Question: How does Super-Kamiokande work?

Susan Cartwright answered on 15 Jun 2015:

Super-Kamiokande, known to its friends as Super-K, is a water Cherenkov detector. This means that it detects charged particles that are travelling faster than the speed of light in water.

“Wait!” I hear you cry. “Nothing can travel faster than the speed of light!” This is true, but it’s incomplete – what is really true is that nothing can travel faster than the speed of light IN A VACUUM. When travelling through something other than a vacuum, light slows down according to the refractive index of the material: water has a refractive index of about 4/3, so light in water is travelling at about 3/4 of the speed of light in a vacuum.

Particles other than light are not slowed down by the refractive index, so a particle that is travelling (perfectly legally) at say 90% of the speed of light in a vacuum is travelling faster than the speed of light in water. This has an effect very like what happens when a plane travels faster than the speed of sound in air – with the plane, you get a sonic boom; with the particle, you get an “optical boom”: a coherent wave front of blue light (called Cherenkov radiation), travelling outwards from the track of the particle in a cone-shaped pattern. The water tank of Super-K is lined with very sensitive light detectors called photomultiplier tubes (PMTs), which pick up this blue light. The amount of light and the time it arrived at each PMT is recorded and used to reconstruct the cone, which tells you the direction that the particle was travelling in (from the axis of the cone) and its energy (from the amount of light).

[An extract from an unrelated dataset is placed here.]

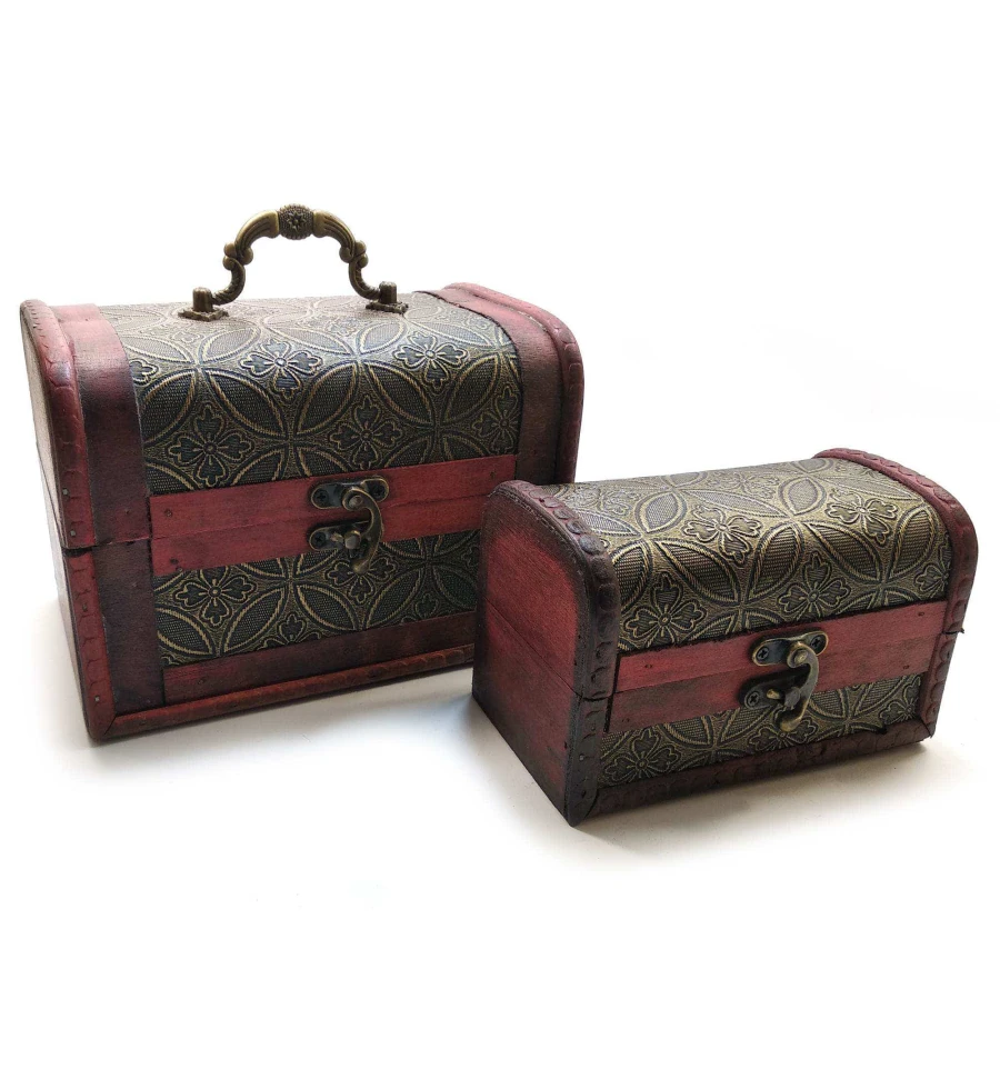 Зовнішня частина скриньок-скриньок у скрині 2 в 1 прикрашена орнаментом, що надає їй вишуканий вигляд. Кожна зі скриньок-скриньок має відкидну кришку, що робить їх функціональними та зручними у використанні.

This only works for charged particles, because only charged particles emit or absorb photons (the photon is the carrier of the electromagnetic force). So Super-K cannot (unfortunately) detect neutrinos directly. Instead, we detect cases where an incoming neutrino has interacted with an atom or electron in the water and caused the emission of a charged particle (electron or muon) travelling faster than the speed of light in water. As neutrinos are very weakly interacting, this happens only very rarely: Super-K detects only a tiny fraction of the neutrinos that pass through it – most of them just go straight through leaving no trace.

A problem with this is that cosmic rays, caused by energetic particles from space interacting with the top of the atmosphere, are mostly muons at ground level. These can cause Cherenkov radiation in Super-K, and would drown out our signal if we didn’t do something about them. In fact we do two things: the first is simply that Super-K is not on the surface, it’s in a zinc mine underneath a mountain, so there is a lot of rock on top of us to absorb most of the cosmic ray muons. The second is that, as well as the inward-facing PMTs surrounding the central part of the detector, there are outward-facing PMTs picking up light from a thin “jacket” of water, called the outer detector, that surrounds the central core. A charged particle coming in emits Cherenkov light in this outer detector which is picked up by the outward-facing tubes, whereas a neutrino coming in produces no light until it interacts and is converted into a charged electron or muon. Therefore, by rejecting any events that have Cherenkov light in the outer detector, we can remove any remaining cosmic rays that have made it through the rock.